Die Hubschrauber-Schleppsonde Helipod soll meteorologische Daten messen.
Die Hubschrauber-Schleppsonde Helipod soll meteorologische Daten messen. © TU Braunschweig | Astrid Lampert

Die Auswertung der Daten erfolgt später an der TU, aber auch bei Partnern wie dem Geoforschungszentrum Potsdam, dem Alfred-Wegener-Institut und der Uni Leipzig. Gefördert wird das Projekt durch die Deutsche Forschungsgemeinschaft, die EU, die Ecki-Wohlgehagen-Stiftung und die Richard-Borek-Stiftung.

In Kürze beginnt die Polarnacht

Die „Polarstern“ wird zurzeit von dem russischen Eisbrecher „Akademik Fedorov“ begleitet.

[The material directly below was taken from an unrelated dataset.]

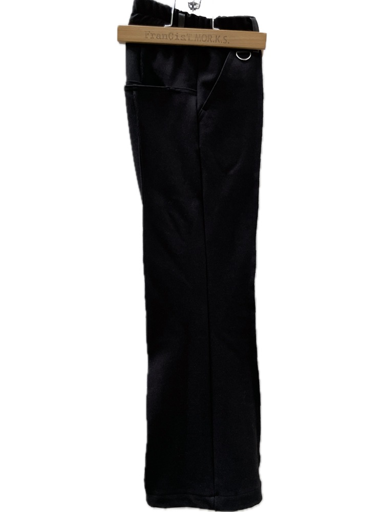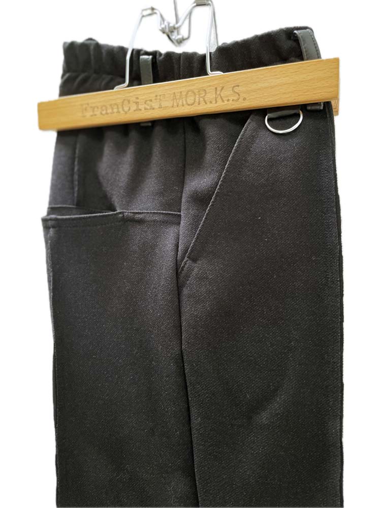 レンチング社ECOVERO®トレーサブルレーヨンを使用した中肉のハイテンションストレッチ。しっとりモチモチ、抜群なストレッチ性でしっかりとした腰もある素材の特性を活かし、センタークリースラインを何と裁ち切りで内外側2枚を重ね合わせ、カットオフ・ピンタック仕様(裁ち切り2枚が重なり合い断面が立つ為、前後のセンターラインを誇張させる効果大)スッキリ細く見えて効果的な新しいシルエットが完成。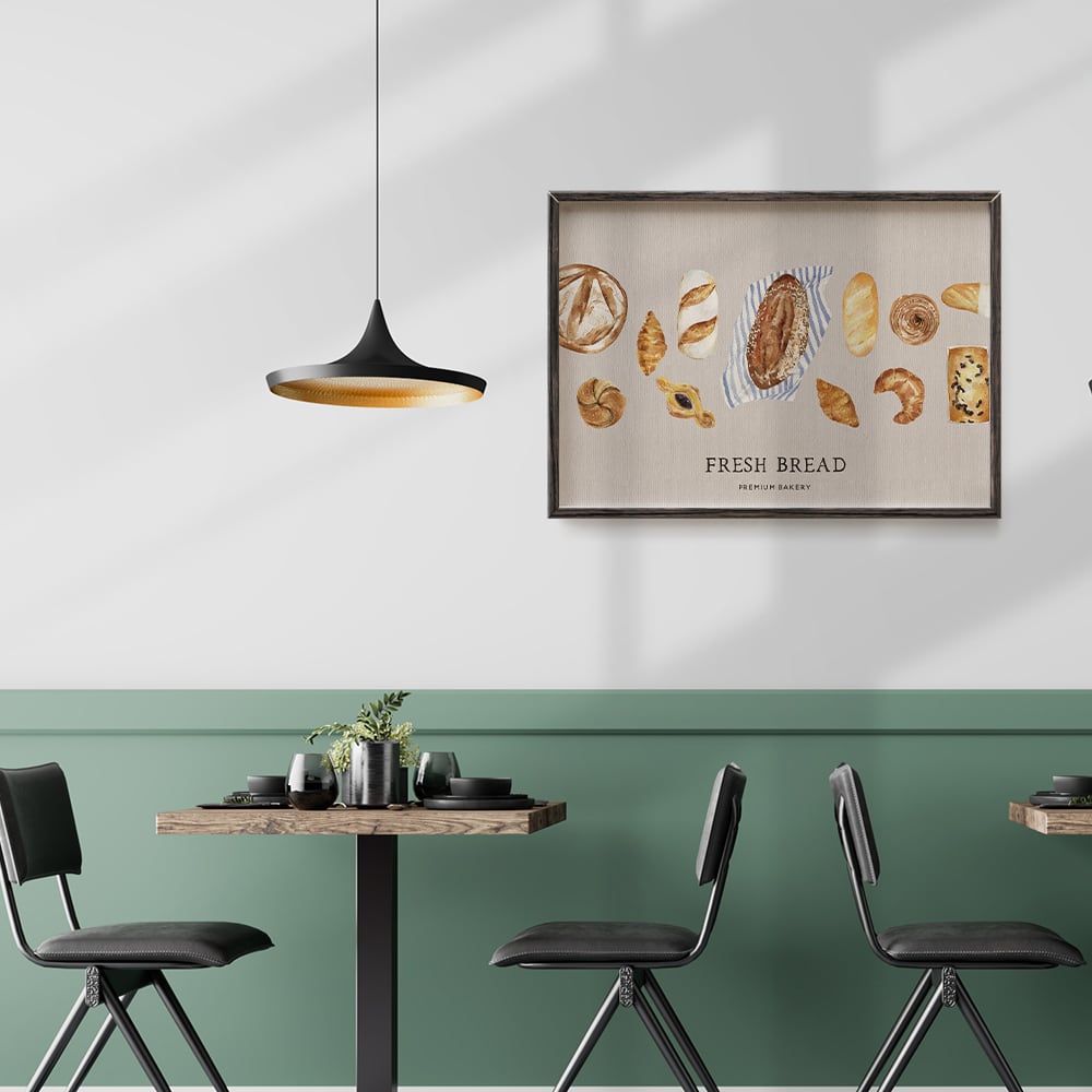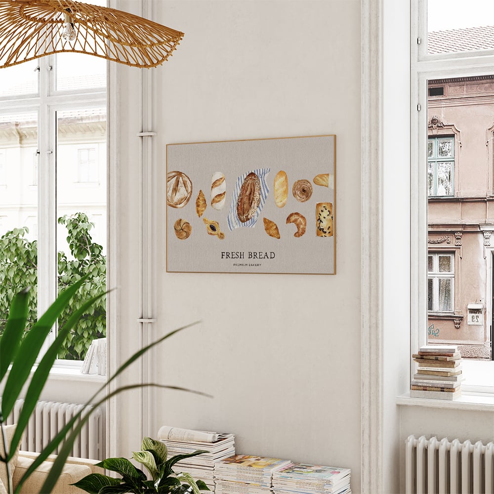 パンを主役にしたポスターです。フランスパンやクロワッサン、カンパーニュや、白パン、デニッシュなど、さまざまなな種類のパンが水彩タッチで描かれています。背景にはオフホワイトからベージュ、ブラウン調のペーパー素材の色を使用し、英字で装飾いたしました。キッチンポスターとして、いかがでしょうか♪

Ende nächster Woche wollen die Eisbrecher ihre Zielregion erreichen. Dann gilt es, eine geeignete Eisscholle zu suchen, in der sich die „Polarstern“ einfrieren lässt und auf der eine Forschungsstadt mit vielen Messstationen errichtet werden kann. Alles muss schnell gehen, weil schon bald die monatelange Polarnacht beginnt.

Die Besatzung der „Akademik Fedorov“ wird beim Aufbau der Messstationen helfen. Danach fährt dieser Eisbrecher wieder zurück nach Norwegen. An Bord ist auch die aus Braunschweig stammende Studentin Anika Happe (23). Sie wurde mit 19 weiteren Studenten und Nachwuchsforschern aus aller Welt für die sechswöchige Fahrt auf dem russischen Eisbrecher ausgewählt. Und auch ein ehemaliger Braunschweiger spielt bei dieser Expedition eine entscheidende Rolle: Der Leiter des Ganzen, Professor Markus Rex vom Alfred-Wegener-Institut, hat einst die Raabeschule besucht und an der TU studiert . Also: jede Menge Braunschweig am Nordpol.